01-24-2023 03:06 AM - edited 01-25-2023 08:03 AM
Unwrapping Xmas Number One Singles through Data
by Jack Mason, Jack McCormack , Loic Poulmarc'k , Markus Bergmaier , Sara Seylani, and Niamh O’Brien
Unwrapping Xmas Number One Singles through Data
The number 1 single on the week of Christmas (known colloquially as just “The Christmas Number 1”) is a festive tradition of growing magnitude in the UK and Ireland and is still very much a coveted and competed for prize. Much like how families debate what ingredients make up the perfect Christmas dinner, what makes a Christmas Number 1 is a hotly debated topic every year. We had several hypotheses as a team about the most influential factors, but instead of debating them out, we decided to analyze the data behind Christmas Number 1s as our team hackathon for this year.

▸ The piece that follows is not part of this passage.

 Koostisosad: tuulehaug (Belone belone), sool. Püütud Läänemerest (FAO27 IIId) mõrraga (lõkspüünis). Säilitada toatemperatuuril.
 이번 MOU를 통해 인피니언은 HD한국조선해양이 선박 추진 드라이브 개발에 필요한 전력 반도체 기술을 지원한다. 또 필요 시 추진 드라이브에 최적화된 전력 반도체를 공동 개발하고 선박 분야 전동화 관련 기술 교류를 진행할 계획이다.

We started this data project as one ought to as a data scientist by deciding on a number of questions that we wanted to answer:
Then it was time to design an architecture that would allow us to: quickly get to the bottom of these questions while also being sufficiently reliable so that we could build on this next year if we so wished.
If you’re the sort of person that likes to read the last page of the book first (!?!) - here’s a link to the results section.
High Level Architecture Diagram for the project
We began ingesting data from the following data sources:
Spotify
Google Trends
Wikipedia
Record Artwork
Fivetran, as the data ingestion solution was the ideal choice for many reasons; specifically crucial for this project was the support of connecting custom data sources via a myriad of methods, normalized schemas and the integration with dbt Core, and Terraform.
This facilitated:
Only the song characteristics for Christmas Number 1s were required for this project, therefore this function retrieves the list of Christmas Number 1s from the S3 bucket containing the Wikipedia data and parses the data to extract chart information.
For each chart data entry, the function searches Spotify for track information and collects all of the information in a list and unique track IDs in a set. With the collected IDs of tracks, it queries the Spotify API to get audio features for each of the tracks.
Then it creates a dictionary that contains all of the above information and other meta information, which is then returned as a JSON string.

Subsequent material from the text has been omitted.